** Given data follows **
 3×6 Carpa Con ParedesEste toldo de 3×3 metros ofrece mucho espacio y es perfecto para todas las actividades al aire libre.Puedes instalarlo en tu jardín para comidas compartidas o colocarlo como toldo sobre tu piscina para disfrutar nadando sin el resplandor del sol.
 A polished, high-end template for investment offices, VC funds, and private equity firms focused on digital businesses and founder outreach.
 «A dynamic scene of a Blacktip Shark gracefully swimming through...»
** End of Given data **
** Given data follows **
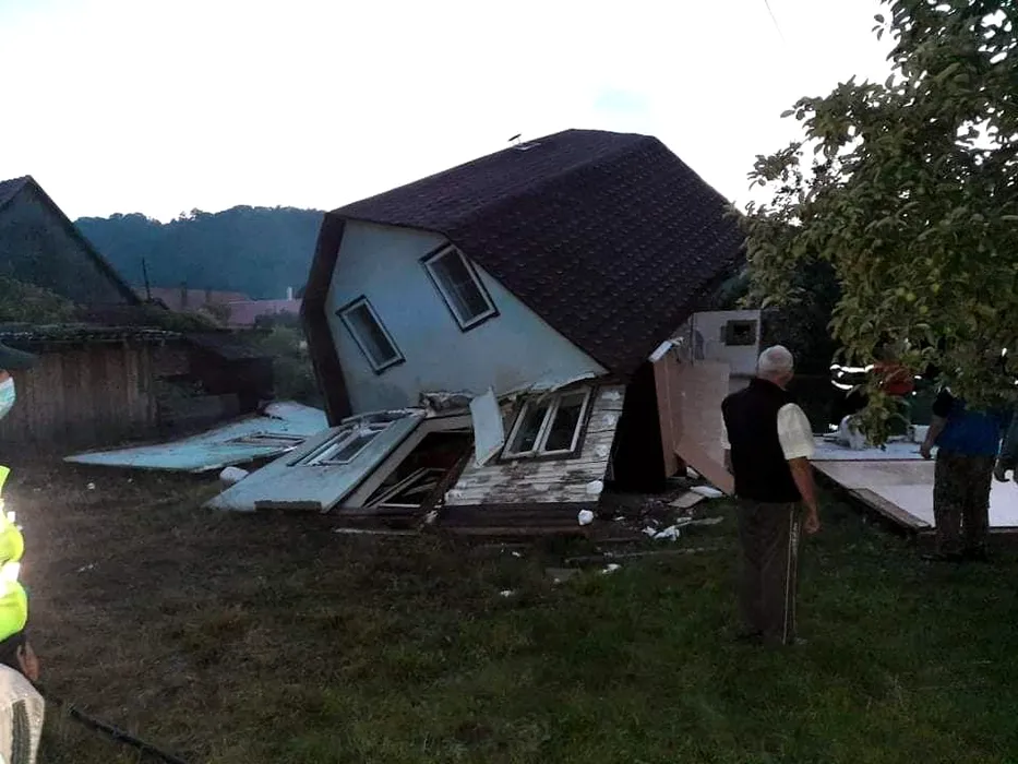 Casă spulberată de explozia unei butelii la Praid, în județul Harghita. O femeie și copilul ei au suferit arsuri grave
** End of Given data **
#### Required action
Within the data above, the lines from the one with "3×6 Carpa Con" to the one with "dynamic scene of" must be repeated exactly; no other line belongs in the answer.

#### Written solution
 3×6 Carpa Con ParedesEste toldo de 3×3 metros ofrece mucho espacio y es perfecto para todas las actividades al aire libre.Puedes instalarlo en tu jardín para comidas compartidas o colocarlo como toldo sobre tu piscina para disfrutar nadando sin el resplandor del sol.
 A polished, high-end template for investment offices, VC funds, and private equity firms focused on digital businesses and founder outreach.
 «A dynamic scene of a Blacktip Shark gracefully swimming through...»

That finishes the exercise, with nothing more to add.